Contact information


Pittsburgh, PA


Email: bozena @

Twitter: @BozenaPajak

Learning Science at Duolingo

    I'm the head of Learning Science at Duolingo. Our mission is to improve Duolingo's effectiveness through learning science and pedagogical expertise.

    We are responsible for improving Duolingo's pedagogical approach and for assessing how much our users are learning. We make use of recent research findings, as well as Duolingo's vast user data to guide product development.

Academic research interests

  • language acquisition in adulthood
  • statistical learning
  • bi/multilingualism
  • non-native speech perception
  • recognition of foreign-accented speech
  • adaptation to non-native accents
  • computational modeling of learning and adaptation


Learning languages as hierarchical probabilistic inference

collaborators: Roger Levy, T. Florian Jaeger, Alex Fine, Dave Kleinschmidt

My main research interests include second and additional language acquisition, especially in the domains of phonetics, phonology, and morpho-phonology. I am particularly interested in the mechanisms underlying generalization from previously acquired knowledge, which I study through behavioral experiments and computational modeling.

More specifically, I investigate how people integrate multiple sources of information to make inferences about the language input they are exposed to. I am particularly interested in:

  • how listeners' prior language background affects how they interpret the statistical structure of the incoming speech signal, and
  • how learners generalize from the properties of known languages when learning a new language.

I have proposed a model of second (L2) and additional (Ln) language acquisition as a process of probabilistic inference under uncertainty where known languages serve as a resource that learners use to make implicit inferences about the properties of new languages.
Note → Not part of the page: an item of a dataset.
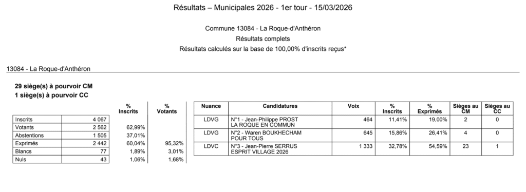 Tous les résultats communiqués lors de la soirée électorale seront provisoires jusqu’à la publication des résultats définitifs, proclamés par les maires sortants de chaque commune.

The model constitutes a novel way of approaching L2 and Ln acquisition and allows us to ask questions about generalization that have not been previously addressed. Other existing theories have instead focused on cases of native language (L1) interference, with facilitation (or positive transfer) predicted only when some linguistic properties happen to coincide in L1 and L2.

The main prediction of the model is that, if learners indeed use their previous language knowledge as a basis for inferences about the language they are currently learning, then we should be able to find evidence of L1-to-L2 facilitation that goes beyond immediate similarities between the two languages and that cannot be explained by direct positive transfer. That is, there should be signs of generalization from the properties of known languages reaching beyond the actual data available to a learner. In my work so far I have tested this general prediction in the areas of speech perception and speech category learning. The results show that learners are able to take advantage of their current linguistic knowledge by generalizing fine phonetic detail across different segments and across languages.

relevant papers: Pajak (2012); Pajak & Levy (2014); Pajak, Fine, Kleinschmidt, & Jaeger (in revision)


Analogy-based abstraction in learning non-native phonetic categories

collaborators: Roger Levy, Klinton Bicknell, Page Piccinini

Phonetic category acquisition is a complex problem of learning a mapping from variable phonetic tokens onto discrete categories. How is this achieved? Prior experimental and computational work has identified two main sources of information available to and used by learners, both infants and adults: statistical distributions of sounds and lexical context. I have proposed that, in addition to those two sources of information, phonetic category learning is supported by analogy-based abstraction: learners infer commonalities between observed phonetic contrasts (e.g., /b/-/p/, /d/-/t/), which leads them to expect analogous contrasts defined along the same phonetic dimensions (e.g., /g/-/k/). This type of analogical abstraction can effectively bootstrap the acquisition of a language's entire phonetic system given the typological evidence that languages tend to reuse the same phonetic dimensions for multiple contrasts (Clements, 2003).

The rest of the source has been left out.